In what would be one of the biggest scalps claimed by Israel, the country’s military has said it’s checking if it killed the head of Hamas.
Israel is “checking the possibility” that one of three people it killed in a Gaza attack on Wednesday was the head of Hamas.
If the death of Yahya Sinwar is confirmed it would be Israel’s biggest scalp since the death of Hezbollah leader Hassan Nasrallah – and could possibly eclipse even that.
It would be huge coup for Israeli Prime Minister Benjamin Netanyahu.
Hamas leader since 2017, Sinwar was the driving force behind the October 7, 2023, terror tacks that killed 1200 mostly Israelis. Since then Israel has killed more than 40,000 Palestinians in Gaza.

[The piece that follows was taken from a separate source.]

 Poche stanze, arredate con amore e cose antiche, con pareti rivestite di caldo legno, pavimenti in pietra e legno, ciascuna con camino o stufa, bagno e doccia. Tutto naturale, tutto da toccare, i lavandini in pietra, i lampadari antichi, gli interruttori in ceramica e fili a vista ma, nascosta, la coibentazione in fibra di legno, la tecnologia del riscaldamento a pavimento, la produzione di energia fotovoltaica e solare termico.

He was made chairman of Hamas’ political wing in August.
Israel has said that any ceasefire was complicated by Sinwar’s leadership of Hamas. But his death may further inflame tensions in a Middle East at boiling point.

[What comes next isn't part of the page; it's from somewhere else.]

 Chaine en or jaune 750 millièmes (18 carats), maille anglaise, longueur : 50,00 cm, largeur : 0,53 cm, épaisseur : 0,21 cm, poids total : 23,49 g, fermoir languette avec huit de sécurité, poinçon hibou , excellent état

Iran, which backs Hamas and Hezbollah, said its early October attack on Israel was due to the death of Nasrallah. It’s not know how Tehran, already waiting for Israeli retaliation, would react to the killing of Sinwar, 62.

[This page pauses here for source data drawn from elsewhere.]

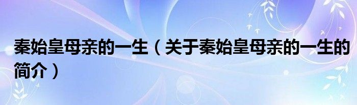 大家好,秦始皇母親的一生,關于秦始皇母親的一生的簡介很多人還不知道,現在讓我們一起來看看吧!
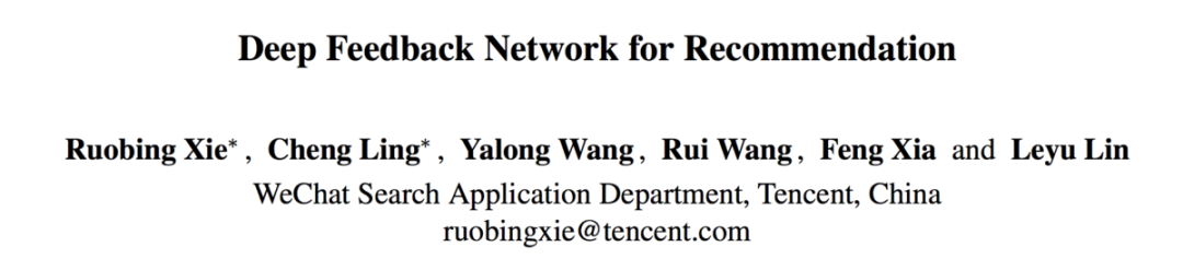 本文分享的论文是微信在IJCAI-20发表的《Deep Feedback Network for Recommendation》
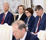 XVI Саммит БРИКС. Встреча президента России Владимира Путина и президента Нового банка развития Дилмы Роуссефф в рамках саммита. Председатель Центрального Банка России Эльвира Набиуллина (справа) и заместитель руководителя администрации президента России Максим Орешкин (в центре) во время встречи.
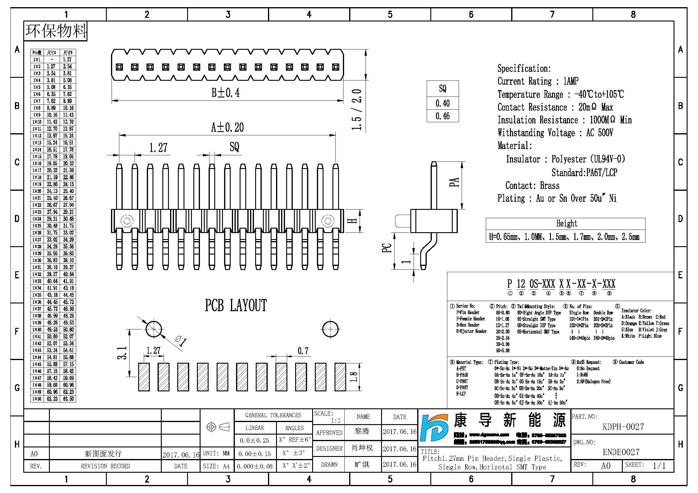規格型號:PH:1.27MM 1*NP 臥貼 單排單塑排針
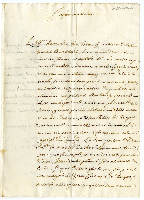 Informazioni storiche sull'Abbazia di San Giovanni Battista di Traù e sue rendite (1694)
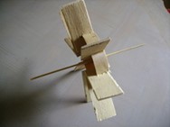 Attention, il ne faut pas coller la pique. Elle constitue l’axe autour duquel le moulin tourne. Si on la colle, ça ne tournera pas. Si jamais le trou est un peu trop gros et que la pique bouge un peu, il faut la coincer avec un cure-dent ou une allumette.

Details are emerging that on a Wednesday patrol in Gaza by the Israeli Defence Forces (IDF), Israeli soldiers came into contact with three armed men.
Gunfire was exchanged and the three were killed.The IDF said the soldiers said one of the bodies “looked very much like” that of Sinwar.
“At this time, the identity of the terrorists cannot be confirmed,” the IDF said in a statement.
To the BBC the IDF said it was “checking the possibility” that Sinwar perished.
There are reports he had been hiding among some of the remaining hostages, using them as a human shield.
However, the IDF has said there were no hostages in the area when the three were killed.
The bodies have been taken by Israeli forces for DNA testing to confirm if Sinwar was amongthem. Sinwar spent years in an Israeli jail so the country will have his DNA on file.
In ceasefire negotiations, one of the terms being looked into by mediators was the safe passage of Sinwar out of Hamas. Israel had said it could not tolerate him as remaining in charge of even a hobbled Hamas. But it’s believed it preferred him dead to letting him flee.
Devastating blow’
Taking to the UK’s Sky News, Professor Fawaz Gerges of the London School of Economics and Political Science said it would be a “devastating blow” if Sinwar were confirmed dead, “for the military wing of Hamas and then on the effectiveness of Hamas as an organisation”.
But Hamas would survive, he said.
“Hamas has already morphed into a guerrilla force and it has already been planning for a long war of attrition … so even though Israel has degraded its military capabilities, it will go on to fight another day.”